Data Lake - from theory to practice. Tale about how we build ETL on Hadoop

In this article I want to tell about the next stage of development of DWH in Tinkoff Bank and about the transition from the paradigm of the classical DWH to the paradigm of Data Lake .

I want to start my story with such a funny picture:

')
Yes, a few years ago the picture was relevant. But now, with the development of technologies that are part of the Hadoop eco-system and the development of ETL platforms, it is legitimate to assert that ETL on Hadoop does not just exist, but that ETL on Hadoop has a great future. Further in article I will tell about how we build ETL on Hadoop in Tinkoff Bank.

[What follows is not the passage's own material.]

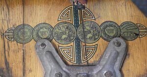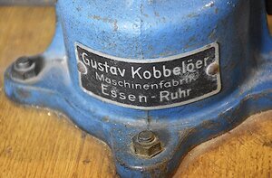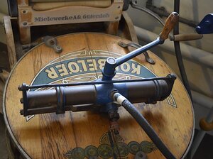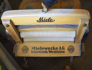 Waschmaschine mit Holzbottich und Rührwerk des Herstellers Gustav Kobbelöer, Maschinenfabrik, Essen. Der Holzbottich wird/wurde von 3 Metallriemen zusammengehalten. Auf dem Decke befindet sich die Aufschrift Kobbelöer in einem Art Deco- Rahmen. Ebenso die Abbildung von 6 Medaillen, die wohl Auszeichnungen von verschiedenen Messen sind. Die neueste von diesen mit mit 1931 datiert. D.h. die Waschmaschine kann frühestens 1931 hergestellt worden sein. Die Waschmaschine besitzt keinen Motor. Der Waschkranz wurde durch Wasserkraft angetrieben. Man machte sich die Kraft des unter Druck stehenden Leitungswassers zunutze welches einen auf dem Deckel angeschraubten Kolben hin- und her bewegt. Damit wird das Rührwerk der Waschmaschine, das auf der Innenseite des Deckels angebracht ist, in Gang gesetzt. Auf der Maschine steht der Miele Wäschewringer 33/35.

From task to implementation

Before DWH management a big task was set - to analyze the interests and behavior of the Internet visitors of the bank site. DWH has two new data sources; big data is clickstream from the portal ( www.tinkoff.ru ) and the RTB (Real-Time Bidding) platform of the bank. Two sources generate a huge amount of textual semi-structured data, which of course does not suit the traditional DWH built in a bank on the massively parallel DBMS Greenplum . The Hadoop cluster was deployed in the bank, based on the Cloudera distribution, which then formed the basis of the target data warehouse, or rather the data lake, for external data.

Lake building concept

It was important at the initial stages to think over and fixed the conceptual architecture, which will need to be followed during the modeling of new structures for data storage and data loading work. We really didn’t want to turn our lake into a data swamp :) As in the classic DWH, we have identified the main conceptual data layers (see Fig. 1).

Fig.1 Concept

RAW - a layer of raw data, here we load files, logs, archives. Formats can be completely different: tsv, csv, xml, syslog, json, etc. etc.;
ODD - Operational Data Definition. Here we load data in a format close to the relational. The data here can be the result of preprocessing data from RAW before loading it into DDS;
DDS - Detail Data Store. Here we collect a consolidated detailed data model. To store the data in this layer, we chose the concept of a Data Vault ;
MART - data marts. Here we collect application data marts.

Data Vault and how we prepare it

Why Data Vault? This approach has its pluses and minuses.
Pros:

Modeling flexibility
Quick and easy development of ETL processes
No data redundancy, and for big data this is a very important argument.

Minuses:

The main disadvantage for us was due to the storage environment (and more precisely, processing) of data and, as a consequence, the performance of join operations. As it is known, Hive doesn’t like join operations very much, due to the fact that in the end everything turns into a slow map reduce.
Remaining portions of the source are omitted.